When these values are substituted in Eq. (6.15) the result is

$-5\left(\frac{5}{2}\right)+4\left(\frac{5x}{2}+\frac{25}{8}\right)=10x$

$10x=10x$

Therefore, the complete solution of Eq. (6.15) is the sum of the two expressions,

(6.25) $y=C_1{\mathrm{e}}^x+C_2{\mathrm{e}}^{4x}+\frac{5}{2}x+\frac{25}{8}$

In most problems, it is sufficient to obtain a general solution, and "singular" solutions that do not describe the physical behavior of the system are ignored.

It must be mentioned that there are two arbitrary constants that characterize the solution that was obtained. Of course, the solution of an nth order equation would result in n constants. In quantum mechanics, these constants are determined by the physical constraints of the system (known as boundary conditions), as was shown in Chapter 3.

The equation

(6.26) $D^{2}y+y=0$

has the auxiliary equation that can be written as

(6.27) $m^2+1=0$

From this equation, it can be seen that m ²  =   −   1 and m  =   ± i. Therefore, the general solution is

(6.28) $y=C_1{\mathrm{e}}^{ix}+C{}_2\mathrm{e}-{\mathrm{e}}^{-ix}$

At this point, it is useful to remember that

(6.29) $\frac{d}{dx}\left(sinx\right)=cosx$

and

(6.30) $\frac{d}{dx}\left(cosx\right)=-sinx=\frac{d^2}{d{x}^2}\left(sinx\right)$

From these relationships, it is evident that

(6.31) $\frac{d^2}{dx}\left(sinx\right)+sinx=0$

and the solution y  =   sin x satisfies the equation. In fact, if it is assumed that a solution to Eq. (6.26) is of the form

(6.32) $y=Asinx+Bcosx$

then

(6.33) $\mathit{Dy}=Acosx-Bsinx$

and

(6.34) $D^{2}y=-Asinx-Bcosx$

Therefore,

(6.35) $D^{2}y+y=-Asinx-Bcosx+Asinx+Bcosx=0$

Therefore, Eq. (6.35) shows the solution represented by Eq. (6.32) satisfies Eq. (6.26). A differential equation can have only one general solution, so the solution shown in Eqs. (6.28) and (6.32) must be equal:

(6.36) $y=C_1{e}^{ix}+C_2{e}^{-ix}=Asinx+Bcosx$

It can be seen that when x  =   0, C ₁  + C ₂  = B. Differentiating Eq. (6.36) gives

(6.37) $\frac{\mathit{dy}}{dx}=C_{1}i{\mathrm{e}}^{ix}-C_{2}i{\mathrm{e}}^{-ix}=Acosx-Bsinx$

However, when x  =   0, sin x  =   0. It is apparent, then, that

(6.38) $i\left(C_1-C_2\right)=A$

By substituting for A and B and simplifying, the result can be shown as

(6.39) $C_1{\mathrm{e}}^{ix}+C_2{\mathrm{e}}^{-ix}=C_1\left(cosx+isinx\right)+C_2\left(cosx-isinx\right)$

If C ₂  =   0 and C ₁  =   1, then

(6.40) ${\mathrm{e}}^{ix}=cosx+isinx$

Therefore, if C ₂  =   1 and C ₁  =   0, the result can be shown as

(6.41) ${\mathrm{e}}^{-ix}=cosx-isinx$

The relationships shown in Eqs. (6.40) and (6.41) are known as Euler's formulas.

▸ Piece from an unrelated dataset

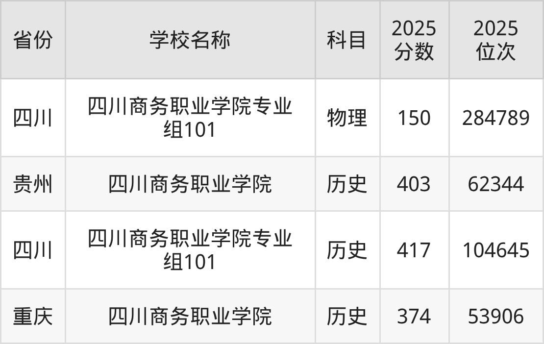 再看四川高考2025年专科批次线,历史类是150分、物理类是150分。通过对比发现:四川商务职业学院2025年历史类最低分比专科线高267分,物理类最低分与专科线相等。2026届四川高考生,可通过每一次模考划线,来判断自己的成绩是否有机会被四川商务职业学院录取。
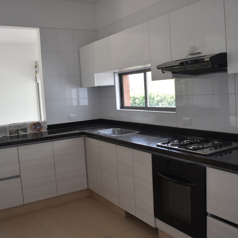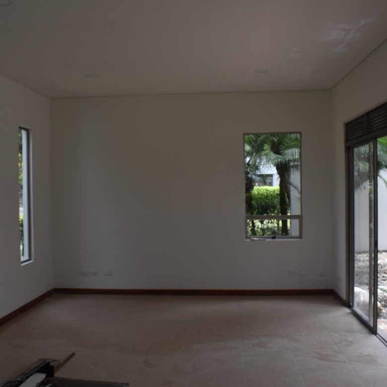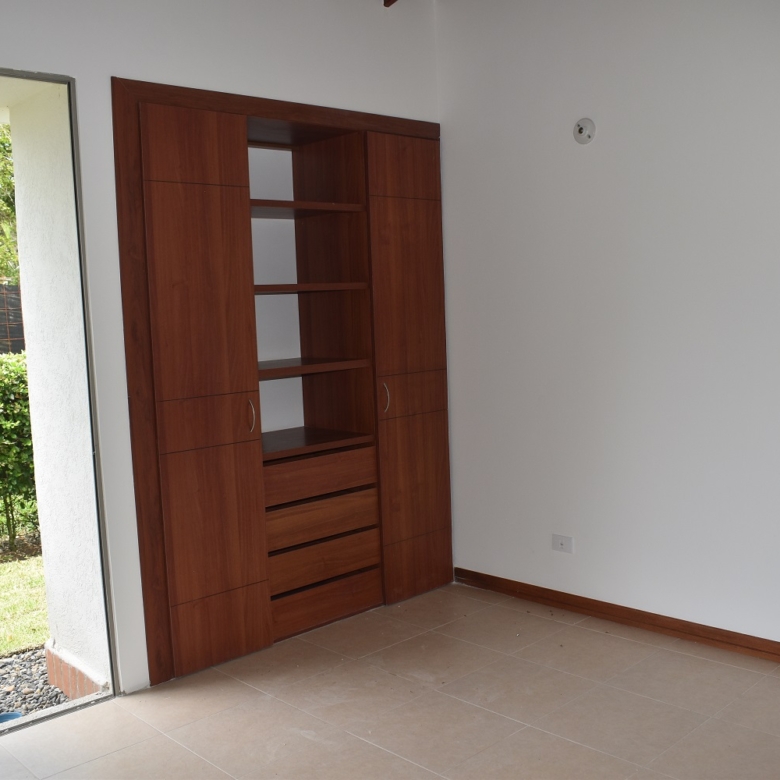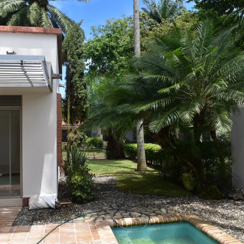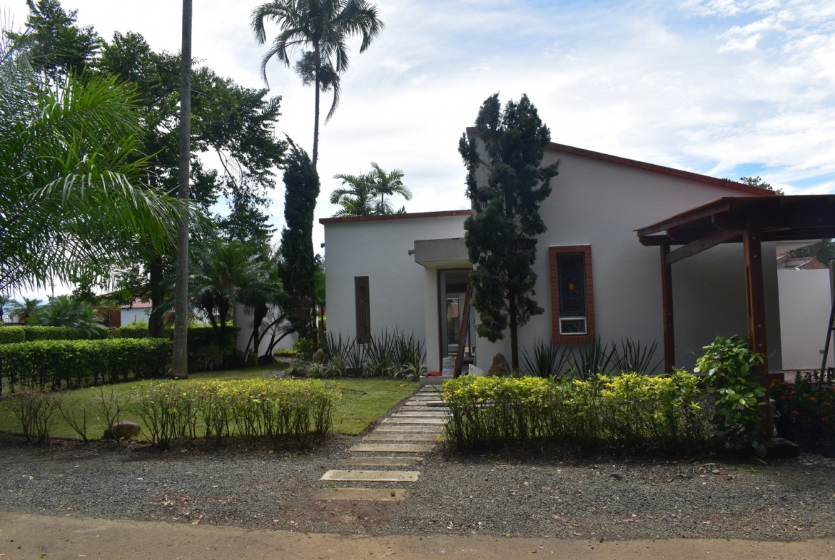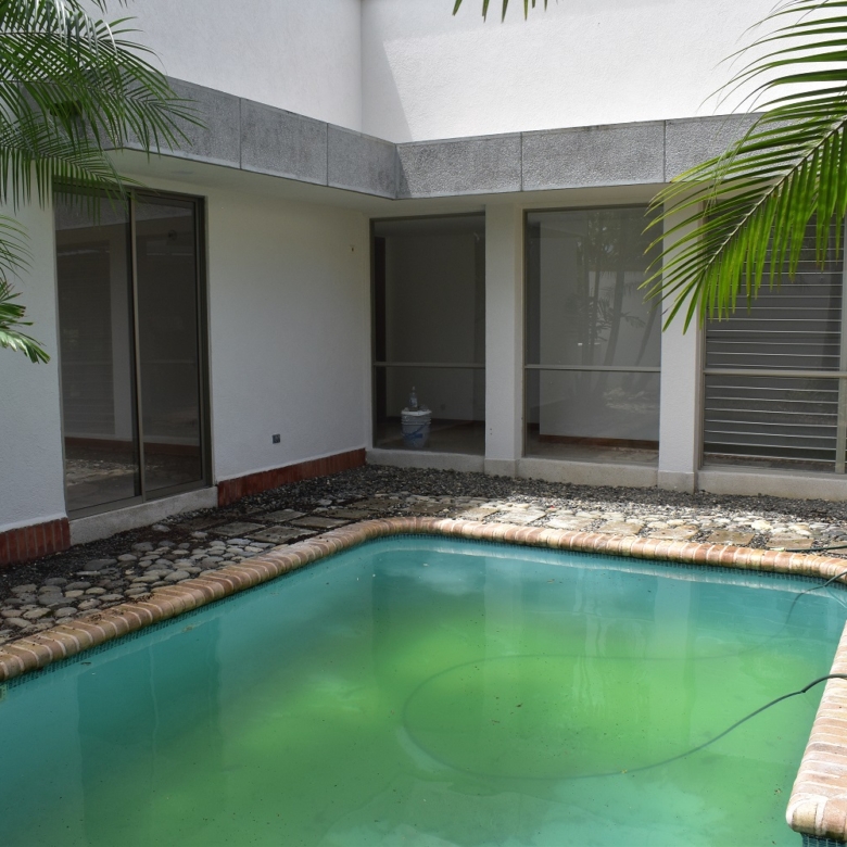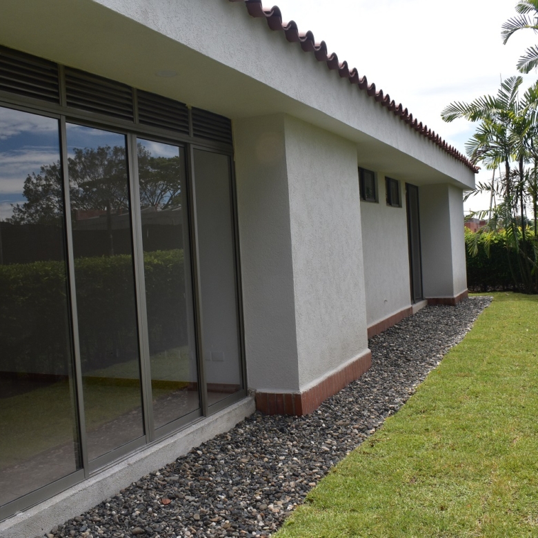 La casa es de un solo nivel ,3 habitaciones cada uno con baño y closet,la principal con vestier,estudio de t,v, start de television,sala comedor,cocina integral,zona de oficios,habitacion de servicio con baño .la casa cuenta con gran zona verde y piscina.

Suppose it is necessary to solve the differential equation

(6.42) $y^{″}+2y^{\prime }+5y=0$

When written in operator form the result is

(6.43) $\left(D^2+2D+5\right)y=0$

Therefore, the auxiliary equation is written as

(6.44) $m^2+2m+5=0$

and its roots are found by using the quadratic formula,

(6.45) $m=\frac{-2\pm \sqrt{4-20}}{2}=-1\pm 2i$

Therefore, the solution of Eq. (6.42) is

(6.46) $y=C_1{\mathrm{e}}^{\left(-1+2i\right)x}+C_2{\mathrm{e}}^{\left(-1-2i\right)x}$

By expanding the exponentials, this equation can also be written as

(6.47) $y=C_1{\mathrm{e}}^{-x}{\mathrm{e}}^{2ix}+C_2{\mathrm{e}}^{-x}{\mathrm{e}}^{-2ix}={\mathrm{e}}^{-x}\left(C_1{\mathrm{e}}^{2ix}+C_2{\mathrm{e}}^{-2ix}\right)$

Using Euler's formulas to express the exponential functions in terms of sin and cos, the result is

(6.48) $y={\mathrm{e}}^{-x}\left(Asin2x+Bcos2x\right)$

In general, if the auxiliary equation has roots a  ± bi, the solution of the differential equation has the form

(6.49) $y={\mathrm{e}}^{\mathit{ax}}\left(Asinbx+Bcosbx\right)$

An equation having the form

(6.50) $y^{″}+a^{2}y=0$

was obtained in solving the particle in the one-dimensional box problem in quantum mechanics (see Chapter 3). The auxiliary equation is

(6.51) $m^2+a^2=0$

and it has the solutions m  = ia. Therefore, the solution of Eq. (6.50) can be written as

(6.52) $y=C_1{\mathrm{e}}^{aix}-C_2{\mathrm{e}}^{-aix}=Acos\mathit{ax}+Bsin\mathit{ax}$

This is exactly the form of the solution found when solving the particle in a one-dimensional box. The boundary conditions of a particular system make it possible to evaluate the constants in the solution, as was shown in Chapter 3.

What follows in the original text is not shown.